**EXERCISE INPUTS:**
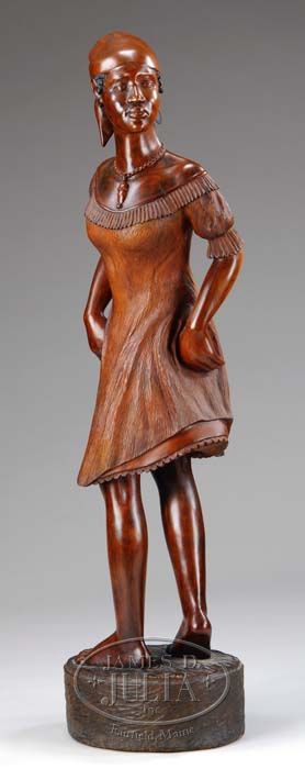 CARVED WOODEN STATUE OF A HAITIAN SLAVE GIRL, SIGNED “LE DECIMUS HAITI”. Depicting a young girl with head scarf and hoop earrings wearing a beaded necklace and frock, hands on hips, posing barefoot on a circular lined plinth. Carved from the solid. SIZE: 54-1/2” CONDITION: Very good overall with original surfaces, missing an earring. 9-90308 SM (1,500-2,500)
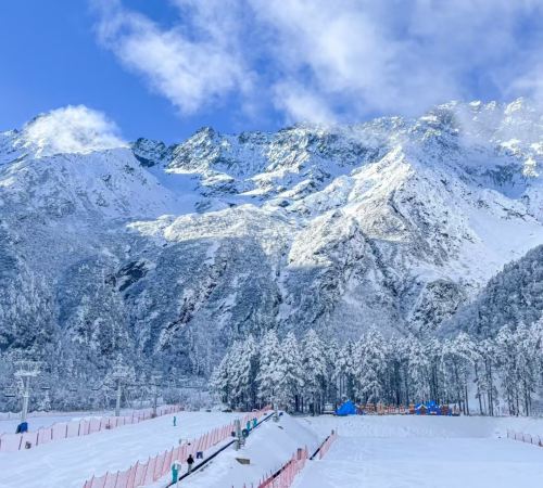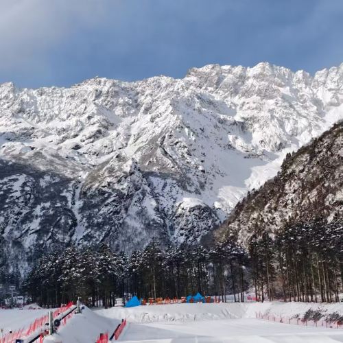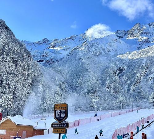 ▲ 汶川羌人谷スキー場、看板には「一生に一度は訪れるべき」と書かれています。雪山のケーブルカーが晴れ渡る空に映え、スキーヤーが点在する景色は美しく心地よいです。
==
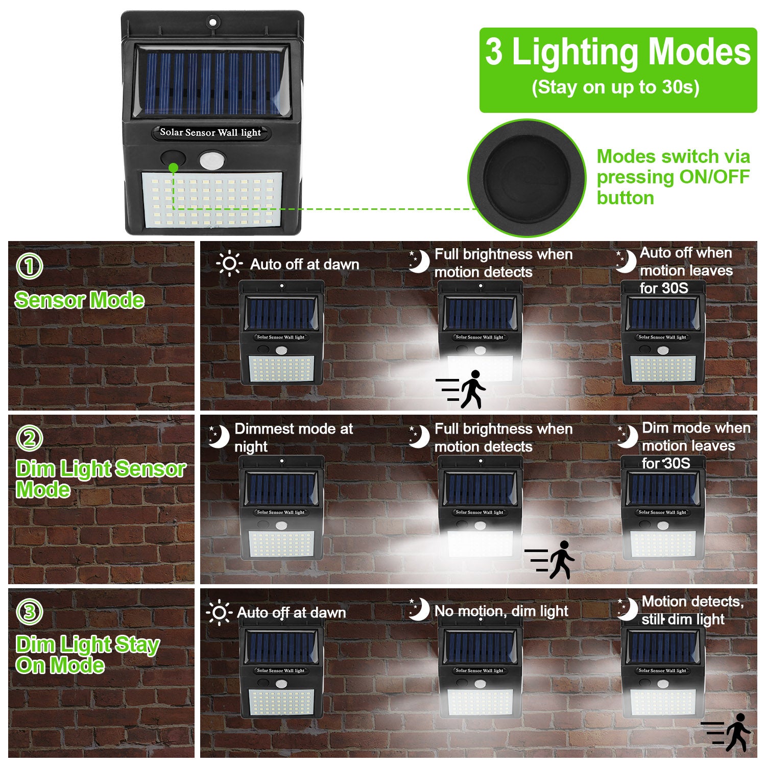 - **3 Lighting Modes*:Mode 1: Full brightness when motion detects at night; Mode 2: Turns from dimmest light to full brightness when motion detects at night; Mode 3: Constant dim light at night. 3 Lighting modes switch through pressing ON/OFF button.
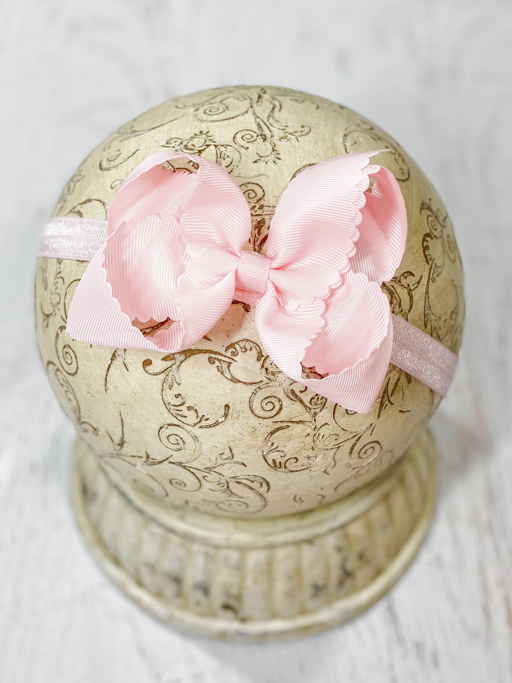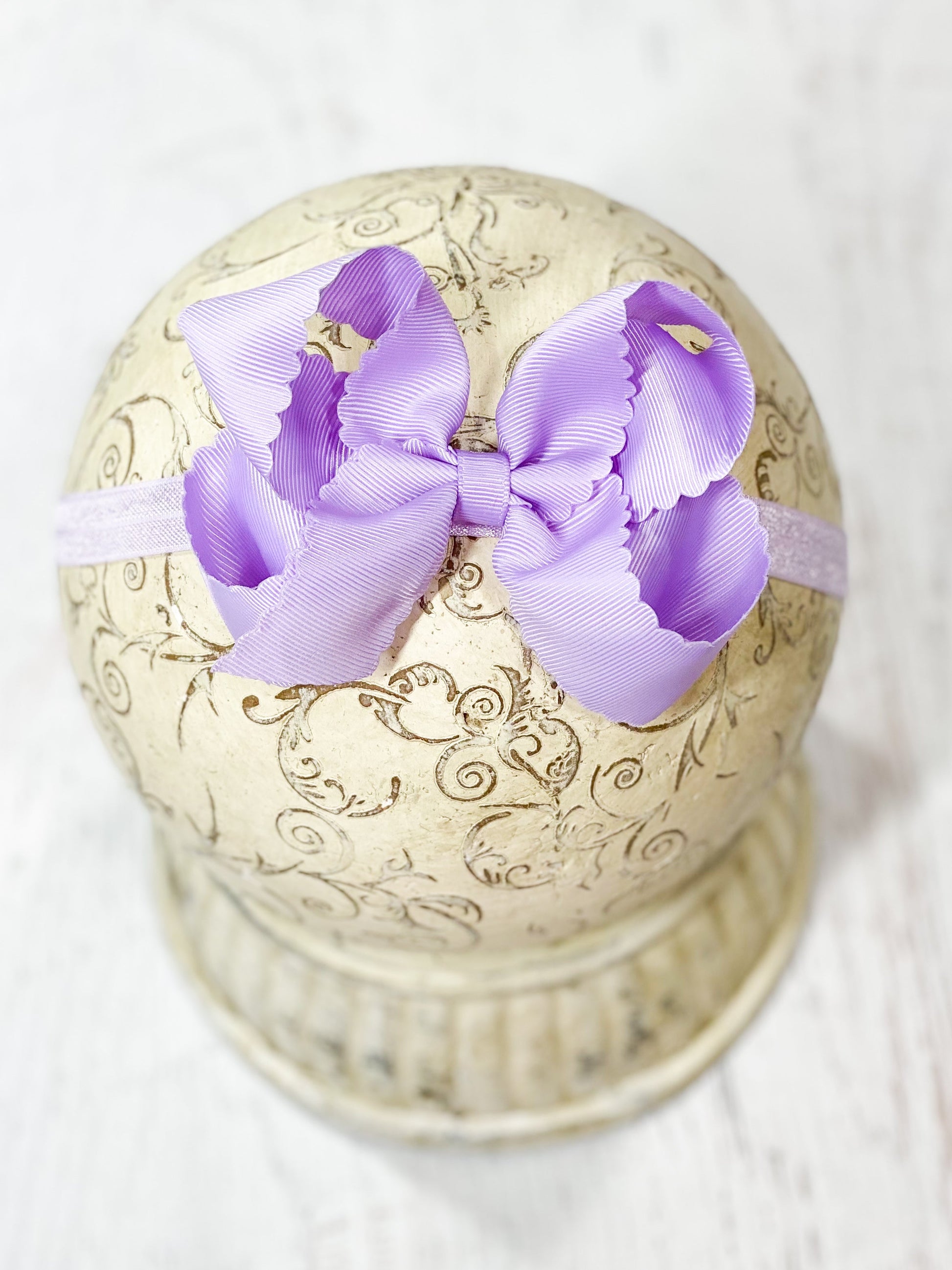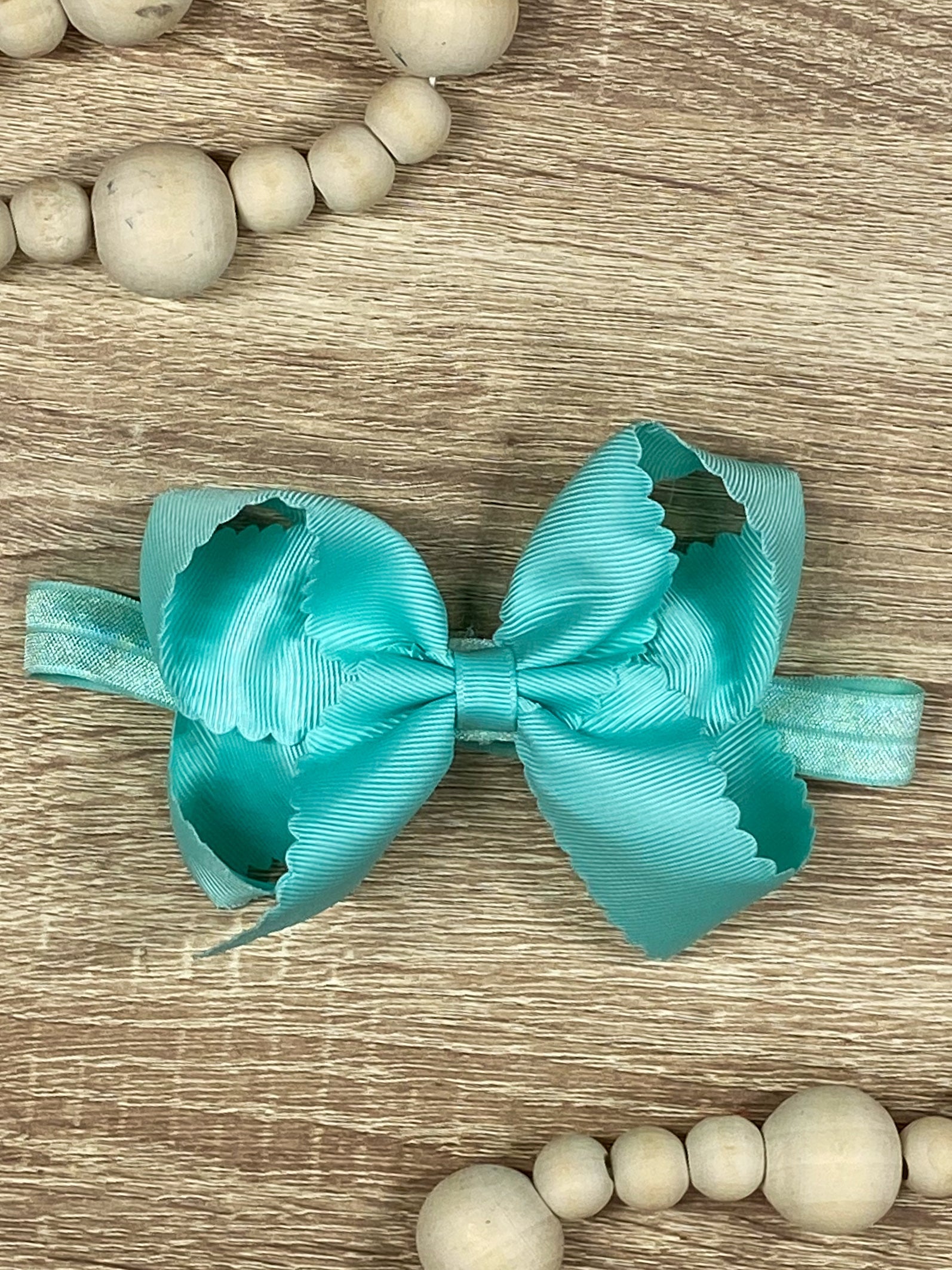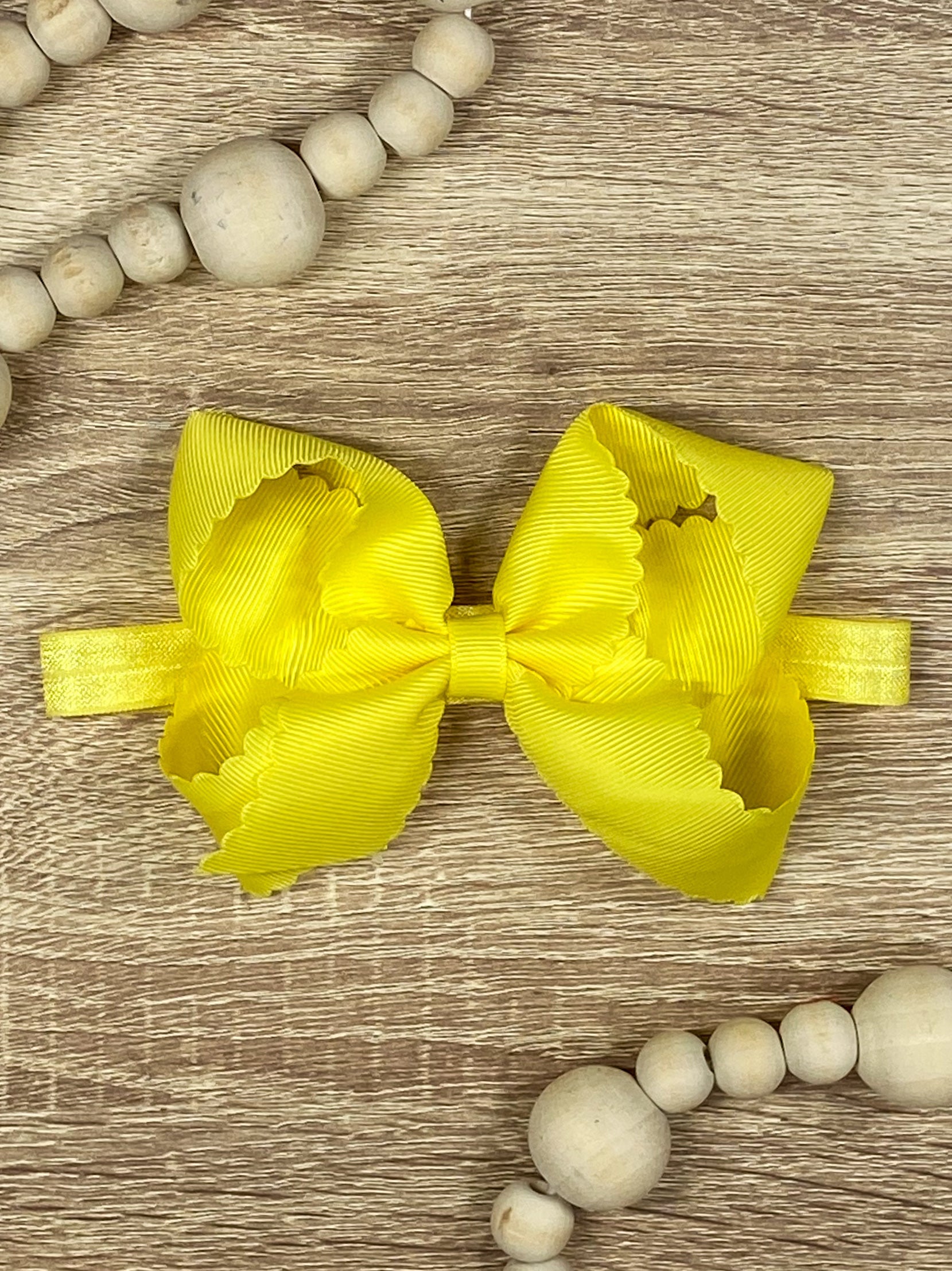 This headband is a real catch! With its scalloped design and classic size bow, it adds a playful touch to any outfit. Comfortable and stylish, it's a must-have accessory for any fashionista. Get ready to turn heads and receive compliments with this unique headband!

**REQUIRED WORK:**
Start at the line containing "- **3 Lighting" above and stop at the line containing "This headband is". Output those lines exactly, both included, but none of the pictures.

**COMPLETED EXERCISE:**
 - **3 Lighting Modes*:Mode 1: Full brightness when motion detects at night; Mode 2: Turns from dimmest light to full brightness when motion detects at night; Mode 3: Constant dim light at night. 3 Lighting modes switch through pressing ON/OFF button.
 This headband is a real catch! With its scalloped design and classic size bow, it adds a playful touch to any outfit. Comfortable and stylish, it's a must-have accessory for any fashionista. Get ready to turn heads and receive compliments with this unique headband!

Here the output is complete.